Saved data entries
───
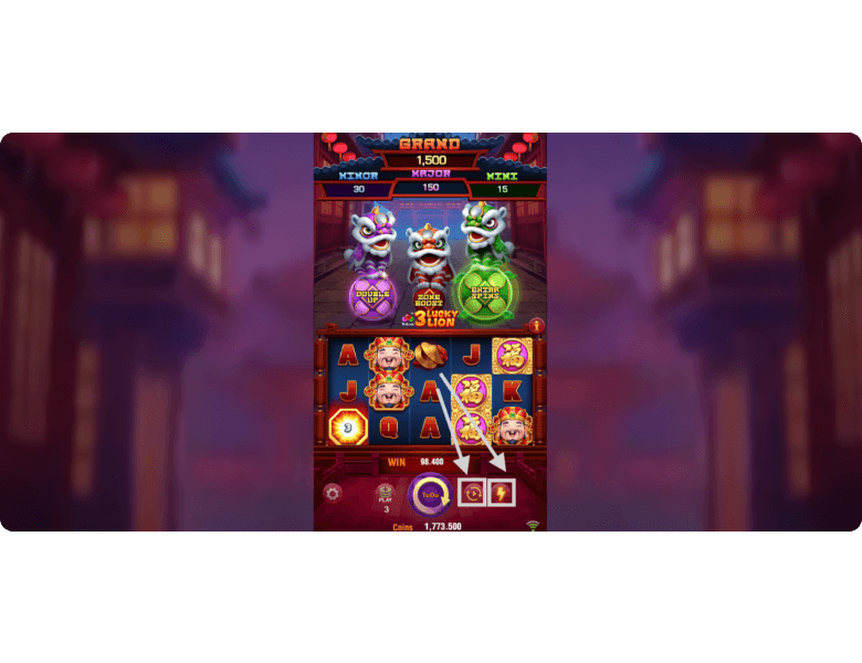 3 Lucky Lion offers 4 jackpots at once. To win at least one of them, you need to land a coin with the corresponding mark during the respin bonus round. The size of the jackpots depends on the selected bet, and the multipliers can be found in the paytable. Mini pays x5, Minor — x10, Major — x50, and Grand — x500. At the same time, the jackpot amount will be increased by the coin values collected, guaranteeing the best win.
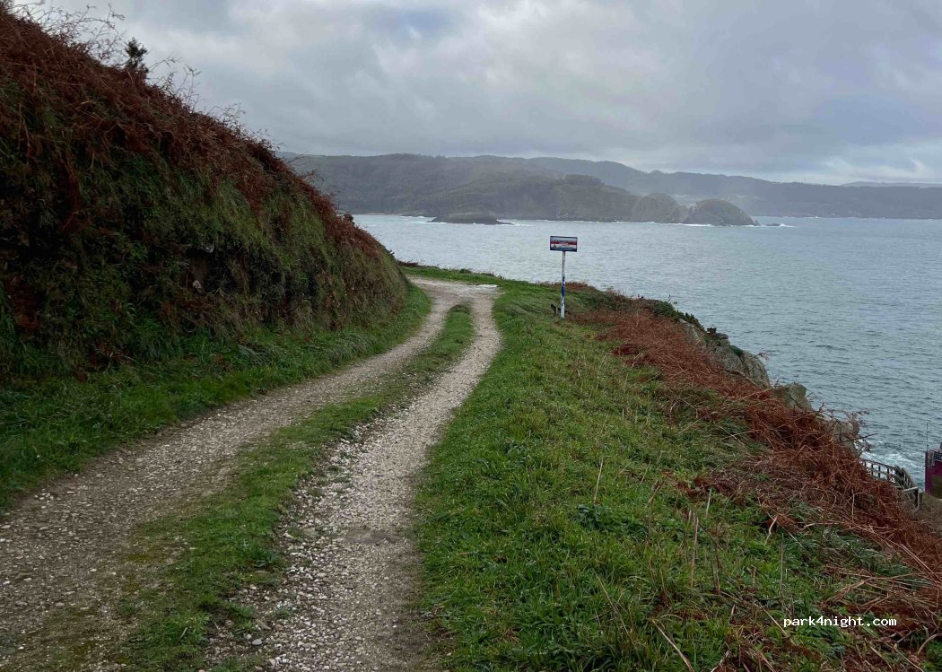 Aparca y pasa la noche en la entrada del faro. No apto para autocaravanas. Se puede hacer con furgoneta, cómoda tamaño T4. Ciertamente se pueden hacer más grandes, pero esto implica dar la vuelta en varios movimientos. Segunda persona recomendable ya que está justo en los acantilados. Paz absoluta, sin tráfico. Acceso por un camino transitable incluso con tiempo húmedo.
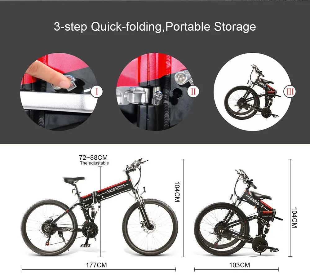 Идеально подходит для путешествий или бездорожья. Складной электрический велосипед SAMEBIKE LO25 поставляется с 3 режимами, включая педаль, педаль и дроссельную заслонку. Полный заряд аккумулятора 48 в 10 Ач дает пользователям 35-45 км (22-28 миль) в режиме дроссельной заслонки и 45-100 км (28-62 миль) в режиме помощи педали. Сложите алюминиевую раму и носите ее удобно, куда бы вы ни отправились. Пользователи могут даже заряжать свой телефон на ходу. Поместите телефон на подставку, прикрепленную к рулю (подходит для большинства смартфонов), и подключите его к зарядному разъему USB 2,0.
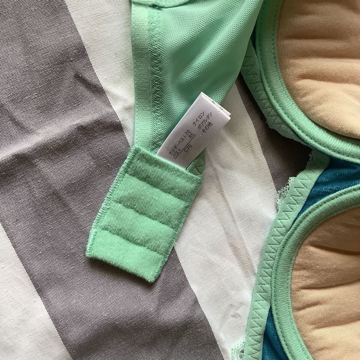 - ブラジャー ミント色系 レース リボン付き ☆新品☆ サイズC70
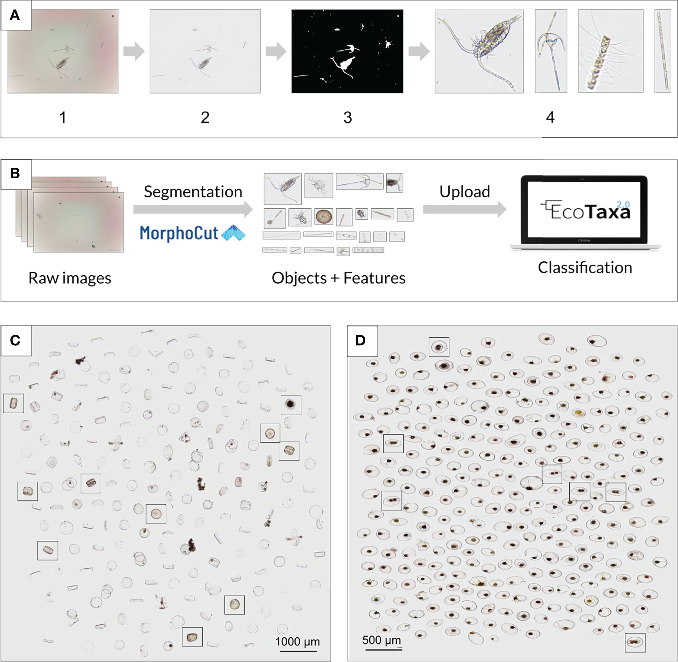 Image processing pipeline for fluidic analysis. (A) Workflow used to segment the objects imaged in a single frame and extract features. From the raw images (1) acquired in fluidic mode, MorphoCut applies a running median to approximate the background image (2) based on 5 frames; using OpenCV, a Canny Edge Detection is performed, followed by dilation, closing, and erosion functions (3); from the binary image, MorphoCut extracts the vignette/ROI for each object (4), together with a suite of mathematical image descriptors. (B) The Raw images and segments from MorphoCut along with the objects and a table containing all the measured features/metadata can then be directly uploaded on EcoTaxa for classification. (C) and (D) Non-destructive continuous monitoring of lab cultures using a PlanktoScope allows for cell morphology to be observed at single-cell resolution. (C)Coscinodiscus wailesii cultures were monitored over a period of 6 hours. Simple montages allow the user to easily quantify living or dead cells at different time points. (D)Pyrocystis noctiluca cultures were monitored over a period of 6 hours during their night-to-day transition. Dividing cells are easily identifiable.
───
Line by line, write out the data above exactly, without the pictures.

● **EXERCISE RESPONSE**
 3 Lucky Lion offers 4 jackpots at once. To win at least one of them, you need to land a coin with the corresponding mark during the respin bonus round. The size of the jackpots depends on the selected bet, and the multipliers can be found in the paytable. Mini pays x5, Minor — x10, Major — x50, and Grand — x500. At the same time, the jackpot amount will be increased by the coin values collected, guaranteeing the best win.
 Aparca y pasa la noche en la entrada del faro. No apto para autocaravanas. Se puede hacer con furgoneta, cómoda tamaño T4. Ciertamente se pueden hacer más grandes, pero esto implica dar la vuelta en varios movimientos. Segunda persona recomendable ya que está justo en los acantilados. Paz absoluta, sin tráfico. Acceso por un camino transitable incluso con tiempo húmedo.
 Идеально подходит для путешествий или бездорожья. Складной электрический велосипед SAMEBIKE LO25 поставляется с 3 режимами, включая педаль, педаль и дроссельную заслонку. Полный заряд аккумулятора 48 в 10 Ач дает пользователям 35-45 км (22-28 миль) в режиме дроссельной заслонки и 45-100 км (28-62 миль) в режиме помощи педали. Сложите алюминиевую раму и носите ее удобно, куда бы вы ни отправились. Пользователи могут даже заряжать свой телефон на ходу. Поместите телефон на подставку, прикрепленную к рулю (подходит для большинства смартфонов), и подключите его к зарядному разъему USB 2,0.
 - ブラジャー ミント色系 レース リボン付き ☆新品☆ サイズC70
 Image processing pipeline for fluidic analysis. (A) Workflow used to segment the objects imaged in a single frame and extract features. From the raw images (1) acquired in fluidic mode, MorphoCut applies a running median to approximate the background image (2) based on 5 frames; using OpenCV, a Canny Edge Detection is performed, followed by dilation, closing, and erosion functions (3); from the binary image, MorphoCut extracts the vignette/ROI for each object (4), together with a suite of mathematical image descriptors. (B) The Raw images and segments from MorphoCut along with the objects and a table containing all the measured features/metadata can then be directly uploaded on EcoTaxa for classification. (C) and (D) Non-destructive continuous monitoring of lab cultures using a PlanktoScope allows for cell morphology to be observed at single-cell resolution. (C)Coscinodiscus wailesii cultures were monitored over a period of 6 hours. Simple montages allow the user to easily quantify living or dead cells at different time points. (D)Pyrocystis noctiluca cultures were monitored over a period of 6 hours during their night-to-day transition. Dividing cells are easily identifiable.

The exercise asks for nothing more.